- Official release poster
- Directed by: Darryl Yap
- Written by: Darryl Yap
- Produced by: Vincent del Rosario III; Vic del Rosario Jr.; Veronique del Rosario-Corpus; Hermie Go; Ianne Oandasan; June Torrejon-Rufino;
- Starring: Lassy Marquez; Kit Thompson; Ariella Arida; Bob Jbeili; Marion Aunor;
- Edited by: Vincent L. Asis
- Music by: Andrew R. Florentino
- Production companies: Viva Films; VinCentiments Entertainment;
- Distributed by: Vivamax
- Release date: October 15, 2021 (Philippines);
- Running time: 73 minutes
- Country: Philippines
- Language: Filipino

= Sarap Mong Patayin =

2021 black comedy thriller film directed by Darryl Yap

Sarap Mong Patayin (known as I'd Love to Kill) is a 2021 Philippine psychological comedy thriller film written and directed by Darryl Yap. It stars Lassy Marquez, Kit Thompson, Ariella Arida, Bob Jbeili and Marion Aunor. The film was the 12th film that Darryl Yap directed.

==Plot==
Noel, a middle-aged gay pest exterminator, has spent years being invisible, disrespected by his clients, dismissed by society, and living in the shadow of people more attractive or desirable than him. His only solace is his friendship with Krista, a gorgeous and self-assured architect who has no idea that Noel secretly envies her beauty and ease in getting attention. Using Krista’s photos without her consent, Noel creates fake profiles on a hookup app called Course, pretending to be her and luring in handsome, horny men for amusement and validation.

One day, Noel matches with Yael, a chiseled, charming gym rat whose smoldering eyes hide a far more twisted personality. Yael seems too perfect, and when “Krista” (Noel’s catfish profile) arranges to meet him, Noel and the real Krista end up confronting the mistake together. But it’s too late. Yael tracks them down. His obsession with the girl in the photos turns into something unhinged when he realizes he’s been tricked.

Yael isn’t just a scorned hookup. He’s a predator. What starts as a confrontation becomes a trap. Yael drugs Noel and Krista, dragging them into his basement gym turned torture chamber, lined with plastic sheets and mirrors. He strips away their clothes and their dignity, taunting them about lies, identity, and the ugliness beneath beauty. Krista, despite being innocent, becomes the focal point of Yael’s rage, he blames her for being the “face” that lured him.

Yael uses his gym equipment not for training, but for mutilation tying Noel to a weight bench and force-feeding him protein shakes laced with sedatives, injecting Krista with steroids while filming her deteriorating state. Blood stains the concrete floor as Yael punishes them for the deception. Yael forces Krista to look in the mirror while he slices her hair off slowly with a box cutter, telling her that beauty is a lie and pain is real.

But Noel, desperate and driven by guilt, manages to escape briefly. He fights back not like a hero, but like a cornered animal. He finds Yael’s stash of drugs and injects him with a cocktail of steroids and pesticides. As Yael convulses on the floor, foaming at the mouth, Noel smashes his face with a dumbbell over and over until there’s nothing left but pulp.

Covered in blood, barely alive, Noel drags Krista out of the house. Sirens wail in the distance. But the nightmare doesn’t end cleanly. The authorities never believe the full story, not about the catfishing, not about Yael’s true nature. The media spins it as a lovers’ quarrel gone wrong.

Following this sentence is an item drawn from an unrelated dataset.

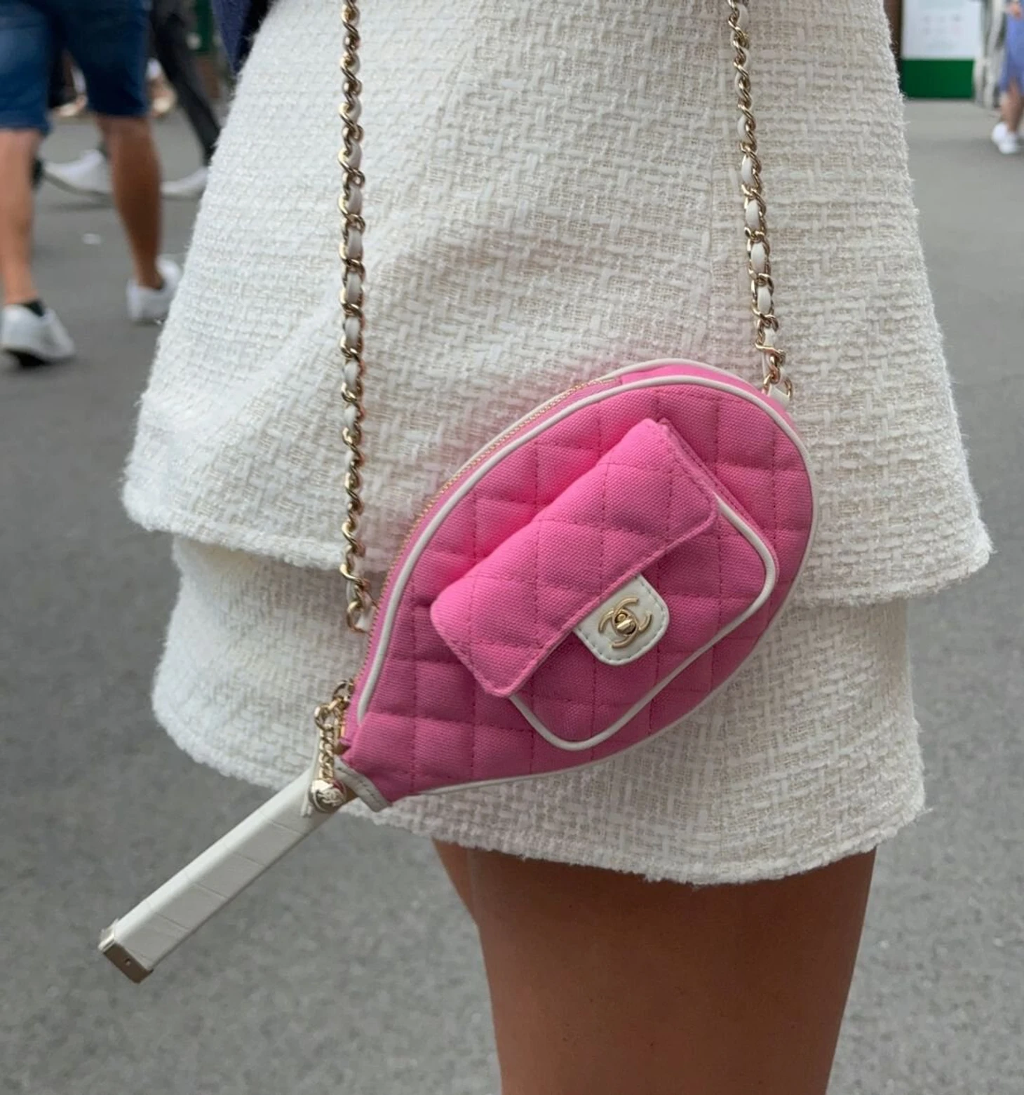 К слову, девушка Пола Пэйдж Лоренце, активно использующая декорации теннисных турниров для развития своего лайфстайл-бренда, приурочила к «Уимблдону» дебютный релиз одежды. В нем твидовое мини-платье «Матч» ($110), которое Лоренце стилизовала тряпочной сумкой Chanel в виде ракетки ($6000-7000 на ресейле).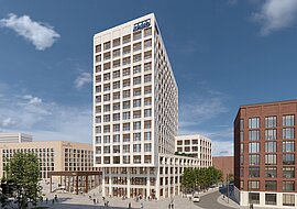 Der neue Unternehmenssitz selbst hebt sich durch seine helle, vom renommierten Architekturbüro Max Dudler gestaltete, Sandsteinfassade deutlich vom umgebungstypischen Ziegelstein ab. 15 Geschosse hoch, steht die zweite Landmarke des Quartiers an exponierter Stelle unmittelbar neben dem Messebalkon. Dieser ist das urbane Herzstück der MesseCity und integriert eine Treppenanlage, die Bahnhof und Messe direkt miteinander verbindet.

Noel is left scarred, both physically and emotionally. He deletes the app, burns the fake profiles, and lives in isolation. Krista, disfigured and traumatized, vanishes from public life. The final shot is Noel staring at his reflection in a mirror cracked with dried blood, whispering the line: “Ang sarap mong patayin”. (Note: This is where the title came from)

==Cast==
- Lassy Marquez as Noel
- Kit Thompson as Yael
- Ariella Arida as Krista
- Bob Jbeili as Emman
- Marion Aunor as Nirvana
- Tart Carlos as Tiya Salve
- Dan Carlos Gonzales as Young Yael
- Leslie Lacap as Sumpong 1
- Faith Medina as Sumpong 2
- Beatriz Jean David as Sumpong 3

==Release==
The film was released in the Philippines via streaming in Vivamax on October 15, 2021.